When you reach the line containing "Modern red and" in the entries below, start writing out each line exactly, and stop after the line containing "Skirt not included".

# Material supplied
==================================================

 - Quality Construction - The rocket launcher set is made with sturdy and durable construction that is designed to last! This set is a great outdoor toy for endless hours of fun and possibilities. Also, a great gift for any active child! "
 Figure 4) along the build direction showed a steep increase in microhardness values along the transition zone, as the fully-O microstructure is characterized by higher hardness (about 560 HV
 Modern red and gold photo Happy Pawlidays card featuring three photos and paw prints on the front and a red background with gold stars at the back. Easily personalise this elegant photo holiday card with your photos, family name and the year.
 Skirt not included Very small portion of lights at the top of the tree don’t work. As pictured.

==================================================

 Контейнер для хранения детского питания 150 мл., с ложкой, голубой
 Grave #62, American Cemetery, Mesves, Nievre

==================================================

# Response below
 Modern red and gold photo Happy Pawlidays card featuring three photos and paw prints on the front and a red background with gold stars at the back. Easily personalise this elegant photo holiday card with your photos, family name and the year.
 Skirt not included Very small portion of lights at the top of the tree don’t work. As pictured.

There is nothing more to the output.